Configure general rule settings
- Name: Give the rule a unique name that describes its purpose.
- Description: Optionally, provide a description of the rule. The description can include the measures associated with it and the action that occurs if the rule is violated.
- Evaluation Timeframe: Select the duration used to evaluate if the defined conditions are met.
For example, if you select a timeframe of one minute and use a PurePath duration measure with an average aggregation as input for the incident rule, the average PurePath duration of the last minute is checked for violation every 10 seconds. Measures remain in memory for one hour.
The following graphic illustrates how timeframe is used to check for incidents.

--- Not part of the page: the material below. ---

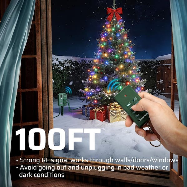 Outdoor Power Stake Timer Waterproof, 100 ft. Wireless Remote Control, 6 Grounded Outlets, 6 ft. Extension Cord

Incidents close only when their condition hasn’t been met for a minute. This more effectively deals with measurements oscillating around their thresholds. Once this timespan has passed without further violation, incidents are closed with the closing time set to fit actual measurements.
- Incident Severity: Choose the severity of incidents to show in incident-related dashlets. Incident severities are Informational, Warning, or Severe. Select the level that requires a response to notifications.
- Incident Suppression: Set the incident delay in seconds. Incidents are suppressed during the configured number of seconds after an occurrence, to avoid sending redundant notifications.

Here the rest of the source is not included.